Why is this happening?
open Deedle
let dates =
[ DateTime(2013,1,1);
DateTime(2013,1,4);
DateTime(2013,1,8) ]
let values = [ 10.0; 20.0; 30.0 ]
let values2 = [ 0.0; -1.0; 1.0 ]
let first = Series(dates, values)
let second = Series(dates, values2)
let third: Series<DateTime,bool> = Series.map (fun k v -> v > 0.0) second
let df1 = Frame(["first"; "second"; "third"], [first; second; third])
let sb = df1.["third"]
df1;;
val it : Frame<DateTime,string> =
Deedle.Frame`2[System.DateTime,System.String]
{ColumnCount = 3;
ColumnIndex = Deedle.Indices.Linear.LinearIndex`1[System.String];
ColumnKeys = seq ["first"; "second"; "third"];
ColumnTypes = seq [System.Double; System.Double; System.Boolean];
...
sb;;
val it : Series<DateTime,float> = ...
As the existing answer points out, GetColumn
is the way to go. You can specify the generic parameter directly when calling GetColumn
and avoid the type annotation to make the code nicer:
let sb = df1.GetColumn<bool>("third")
Deedle frame does not statically keep track of the types of the columns, so when you want to get a column as a typed series, you need to specify the type in some way.

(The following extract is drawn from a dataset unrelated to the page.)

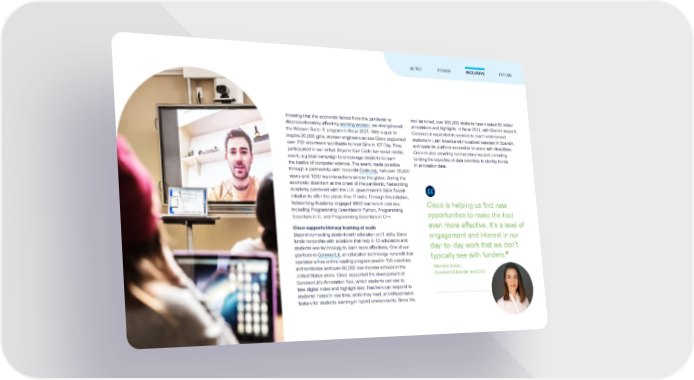 Knowing that the economic fallout from the pandemic is disproportionately affecting working women , we strengthened the Women Rock-IT program in fiscal 2021. With a goal to inspire 20,000 girls, women engineers across Cisco supported over 250 volunteers worldwide to host Girls in ICT Day. They participated in our virtual Anyone Can Code live social media event, a global campaign to encourage students to learn the basics of computer science. The event, made possible through a partnership with nonprofit Code.org , had over 16,000 views and 1000 live interactions across the globe. During the economic downturn at the onset of the pandemic, Networking Academy partnered with the U.K. government's Skills Toolkit Initiative to offer the public free IT skills. Through this initiative, Networking Academy engaged 8800 learners in courses, including Programming Essentials in Python, Programming Essentials in C, and Programming Essentials in C++. Cisco supports literacy learning at scale Beyond connecting students with education on IT skills, Cisco funds nonprofits with solutions that help K-12 educators and students use technology to learn more effectively. One of our grantees is CommonLit , an education technology nonprofit that operates a free online reading program used in 195 countries and territories and over 60,000 low-income schools in the United States alone. Cisco supported the development of CommonLit’s Annotation Tool, which students can use to take digital notes and highlight text. Teachers can respond to students’ notes in real time, while they read, an indispensable feature for students learning in hybrid environments. Since the tool launched, over 600,000 students have created 69 million annotations and highlights. In fiscal 2021, with Cisco’s support, CommonLit expanded its services to reach underserved students in Latin America with localized materials in Spanish, and made its platform accessible to users with disabilities. Cisco is also providing nonmonetary support, including lending the expertise of data scientists to identify trends in annotation data. Cisco is helping us find new opportunities to make the tool even more effective. It’s a level of engagement and interest in our day -to-day work that we don’t typically see with funders. ” — Michelle Brown, CommonLit founder and CEO FUTURE INTRO POWER INCLUSIVE

We did not want to force people to write type annotations, because they tend to be quite long and ugly, so the primary way of getting a column is GetColumn
where you can specify the type argument as in the above example.
The other ways of accessing column such as df?third
and df.["third"]
are shorthands that assume the column type to be float
because that happens to be quite common scenario (at least for the most common uses of Deedle in finance), so these two notations give you a simpler way that "often works nicely".